I got to thinking about whether my memories of 'the day' were fuzzy or not:
... from >this thread< in December of 2003:
Originally Posted by: Lordathestrings[QUOTE=Leedogg]What was the feeling like back in '69? How old were you? It was a really busy year, with immense social implications. I'd really like to hear someone's account of it besides my parents'. My dad was 20 and in the jungles of Vietnam. My mom was 17 and sitting in a one bedroom apartment praying everyday that my dad wouldn't die.

I could write a long book to answer your post, but a lot of other people already have.

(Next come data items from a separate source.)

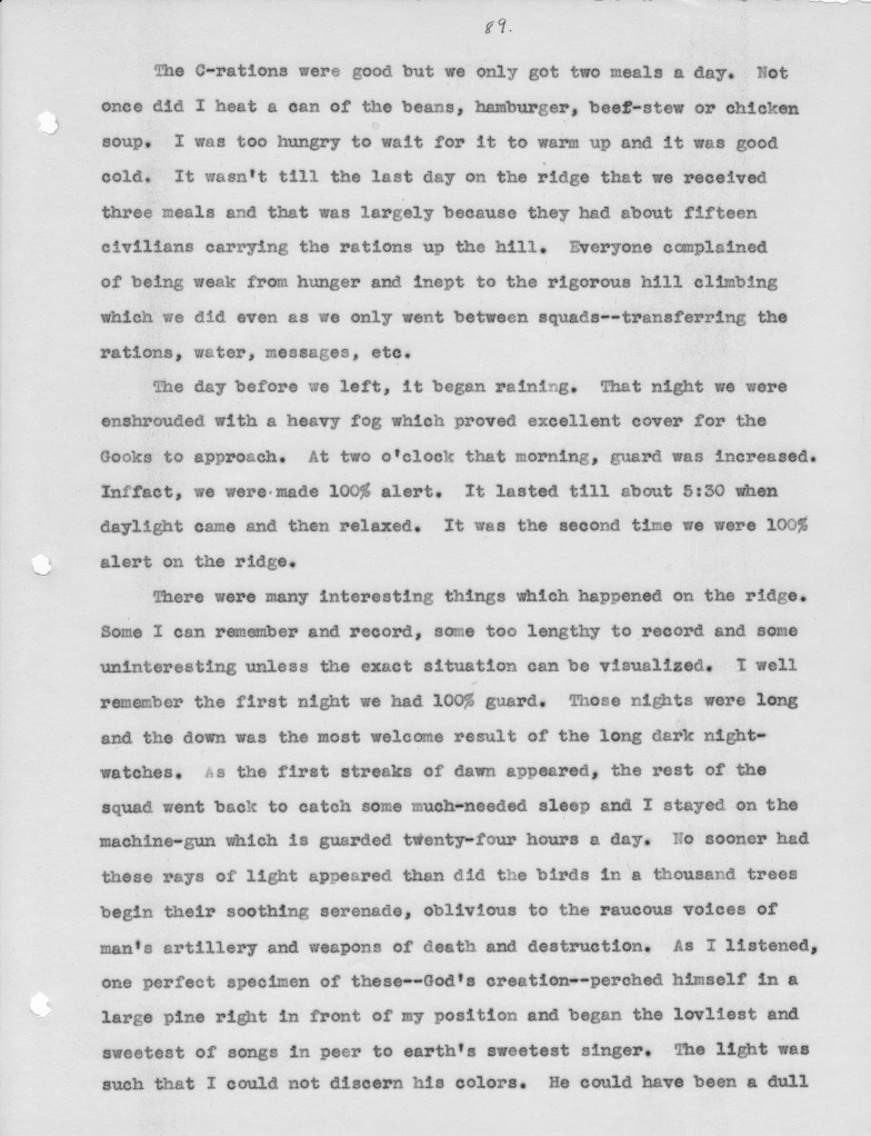 I wanted to share a short excerpt from his letters — pages 88 and 89. (Please forgive any references that reflect soldier language used sixty years ago during a war; the last paragraph cuts off and is not related to the previous entries). These words paint a wonderful picture of both the challenges of a soldier in that war as well as the perspective that we can choose to have when we are in the midst of any battles of life.
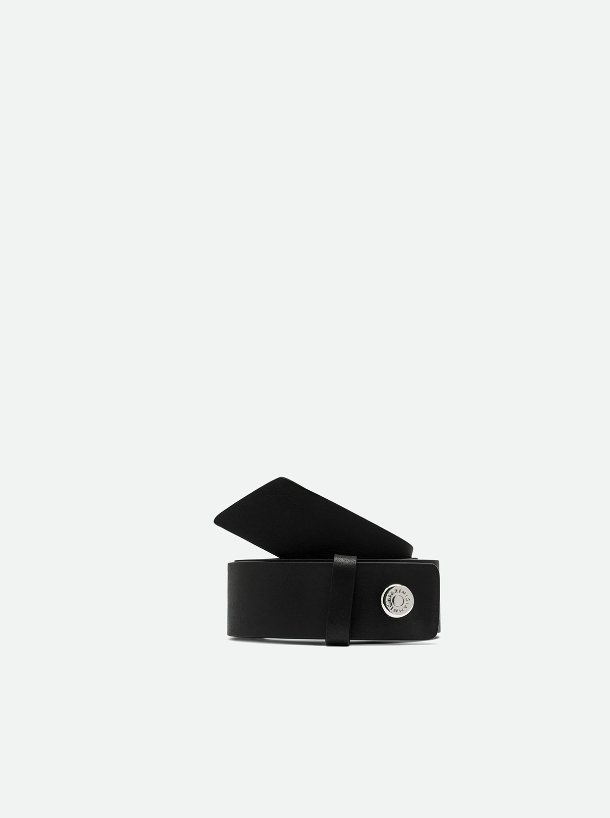 Cintura dalle linee essenziali, perfetta per completare look casual o eleganti. Realizzata in pelle liscia, si distingue per il mix di borchie e la fibbia logata in metallo, che aggiungono un tocco di carattere deciso.
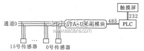 温度监控部分系统的硬件由DS18b20 型数字温度传感器、采集模块、FX2N 系列PLC、FX2N-485-BD、HITECH 触摸屏组成, 其结构如图1 所示。
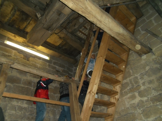 Gemeinsam gingen alle in den zweiten Glockenturm und schauten sich an, wie hoch man dort noch über Leitern kommen könnte.
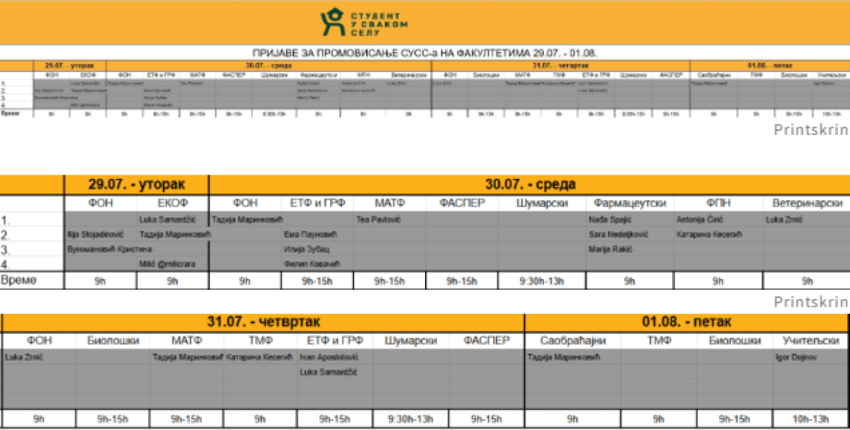 Njihov pakleni plan svodi se na vrbovanje onih koji su tek upisali prvu godinu studija i to neposredno nakon prijemnih ispita?! A kako bi sve trebalo da izgleda vidi se iz spiskova sa tebelama na kojima su imena i prezimena zgubidana koji će narednih dana u određeno vreme dežurati na fakultetima i pokušavati da mlađe kolege privole da se pridruže njihovim huliganskim redovima.
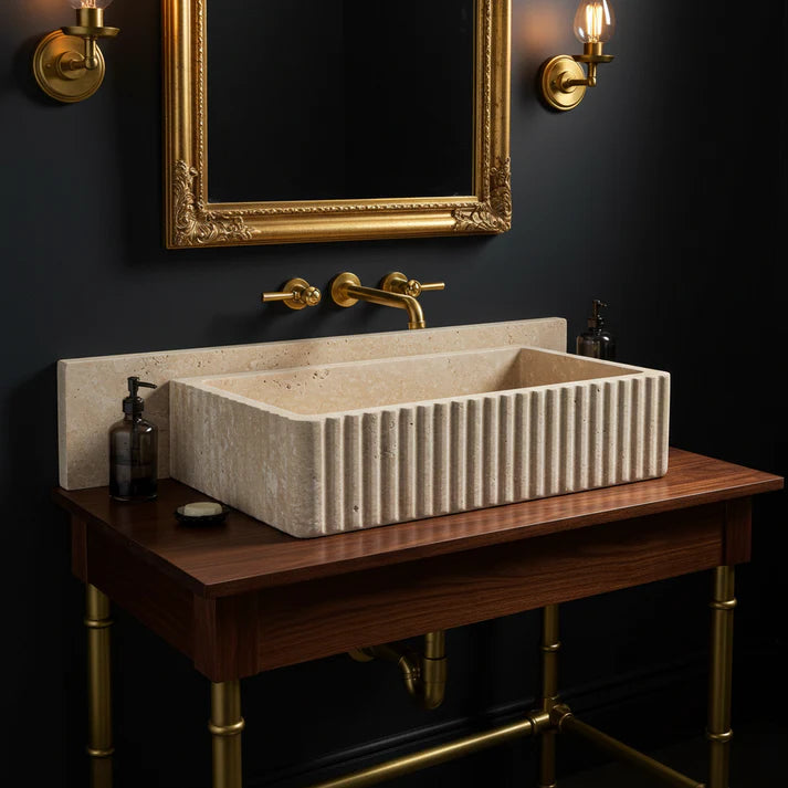 Beveled Edge Fluted Travertine Sink
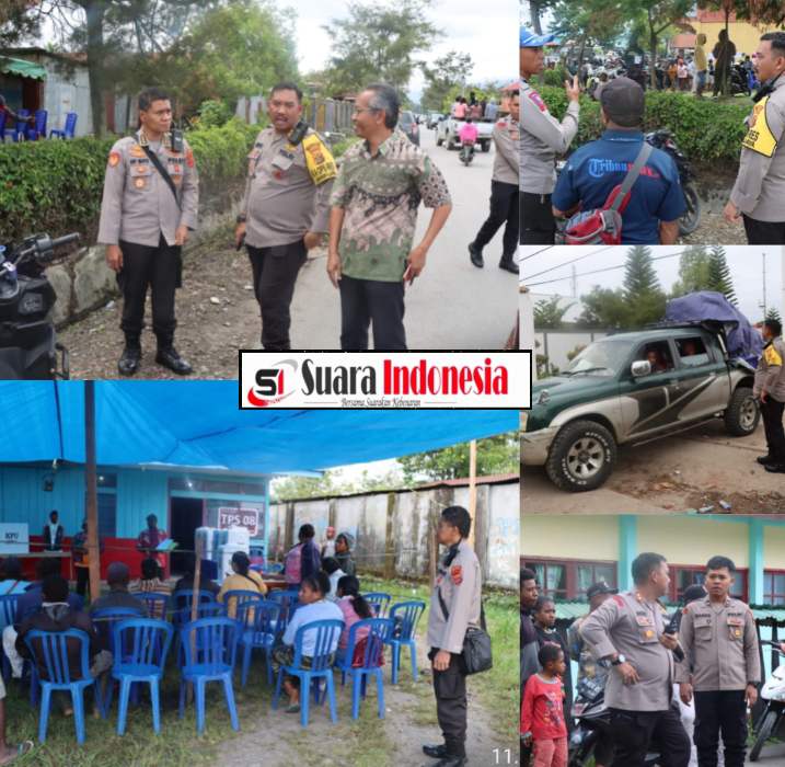 WAMENA – Demi lancarnya pelaksanaan PSU Pemilu 2024, Kapolres Jayawijaya AKBP Heri Wibowo, S.IK bersama Pamatwil Polda Papua Kombes Pol Ari Wahyu Widijananto, S.IK memantau langsung pelaksanaan PSU di TPS yang berada di Distrik Wamena dan Distrik Hubikiak, Sabtu (24/02) pagi.
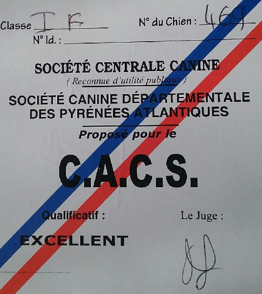 "Excellent chien. Denture parfaite. Excellent crâne. L' oeil est foncé important. Les oreilles compatibles. Le nez est bien remouché. Construction correcte. Excellentes épaules. Excellente ossature. Excellents aplombs et pieds et poitrine. Excellent roach back bien marqué. Angulation des postérieurs correcte et fouet. Serre un peu"résultats 1er excellent - CACS

I bought my first guitar to celebrate my 16th birthday in October of 1968. It was a used hollow-body electric. A Japanese ES-335 knockoff with the name "Guya" on the headstock. I paid $40 CDN with the money I earned from my morning paper route. I would meet the truck that dropped off my 144 copies of the Globe & Mail for my daily deliveries at 04:30. I was usually home by 07:30, to get ready for school. My Saturday deliveries jumped to over 200. The Globe kept sending me a bunch of extra papers and charging me 65 cents a week for each them, which wiped out a lot of the 17 cents profit from each of my actual customers. That $40 took a lot of work to accumulate.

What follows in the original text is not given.